Here is Keats’s sonnet in full:
When I have fears that I may cease to be Before my pen has gleaned my teeming brain, Before high-pilèd books, in charactery, Hold like rich garners the full ripened grain; When I behold, upon the night’s starred face, Huge cloudy symbols of a high romance, And think that I may never live to trace Their shadows with the magic hand of chance; And when I feel, fair creature of an hour, That I shall never look upon thee more, Never have relish in the faery power Of unreflecting love—then on the shore Of the wide world I stand alone, and think Till love and fame to nothingness do sink.
This poem is incredible. John Keats is incredible—to die so young yet have fashioned so much beauty.
Not only did repeatedly reciting Keats’s poem to myself reset my brain and slow my heart down, you also have to know that I am a rhythm and meter freak. So, as I would recite this poem in my head, I would also “scan” it and think about the variations where Keats diverges from iambic pentameter (the poem’s dominant rhythm).
Instead of thinking about how to hold an entire college together during a global health crisis, I could, after two opening lines of iambic pentameter, think about the word “Hold” that opens line four—the stressed syllable breaking the iambic yoke for a variation that says, “This takes effort! The planting, the harvest, and the storage! It deserves a gosh-darned stressed syllable!”
Now that’s easy, but here is how line four scans as a whole—prepare to have your rhythmic minds blown ( / = stressed syllable; u = unstressed):
/ u / / u u / / u /
Are you kidding me! “Garner” in this case refers to storage houses for the grain—and there the garners sit, full, two spondees ( / / ) placed right in the line itself. (I know some traditionalists scan these lines differently. I will fight them.)

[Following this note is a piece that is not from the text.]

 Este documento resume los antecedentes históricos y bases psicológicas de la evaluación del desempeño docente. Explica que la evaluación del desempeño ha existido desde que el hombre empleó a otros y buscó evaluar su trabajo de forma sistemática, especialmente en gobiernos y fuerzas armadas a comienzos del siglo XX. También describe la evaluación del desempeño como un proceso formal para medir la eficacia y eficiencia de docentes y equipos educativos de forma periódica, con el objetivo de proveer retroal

And there are many other variations to point out—the stressed syllable “Huge” opening line six, so we must be talking really huge cloudy symbols! The stressed “Never” ( / u) that opens line 11—Keats, my man, just stressing (for real and syllabically) on the thought that he might not see or have a future with his love. When he feels this way, he stands on the shore of the “wide world”—another spondee ( / / ), because wow is the world wide enough to be lonely in—leading us to the last line, and I mean the real Bruce Lee kicker: “to nothingness do sink.”

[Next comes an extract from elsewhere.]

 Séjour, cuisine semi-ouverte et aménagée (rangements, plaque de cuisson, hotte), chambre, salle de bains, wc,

Now, let me tell you what very smart scholars and experts of poetry will tell you: the last line is traditional iambic pentameter—restoring the dominant rhythm and meter as a form of acceptance, of resignation. Fools! Totally wrong! If you really have the guts—if you’re Tom Cruise flying a jet airplane or hanging off cliffs in your early sixties—then you read “nothingness” as three unstressed syllables, a tribrach! ( u u u ) Barely uttered aloud! I don’t think you even whisper them—you “just below” whisper them (a real sound), because that’s how much Keats feels the nothingness of the wide world into which his feelings sink. (Fun fact: the opposite of a tribrach is a molossus, which sounds delicious.)

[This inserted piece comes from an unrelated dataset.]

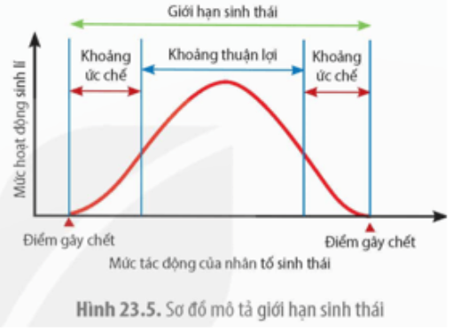 Câu hỏi 1 (trang 126) Sinh 12 Kết nối tri thức Bài 23: Quan sát Hình 23.5 và cho biết mức hoạt động sinh lí cao nhất của sinh vật nằm trong khoảng tác động nào.

Memorize a poem. At first this will be a mechanical process, but then it will become a part of you, something you dialogue with, especially when you really need someone to talk to at 4 AM.
So, if you have already forgotten what I started off talking about in this post, then you understand how I stayed sane and refocused when I needed to. Thank you, John Keats, for being by meditation and my Buddha.
Really appreciate this, Chuck. Invictus does for me what "When I have Fears" does for you. Happy you are regaining balance and sanity, as is evident in your writing and your helpful and interesting work as The Declining Academic.
I am here for any and all scansion wars!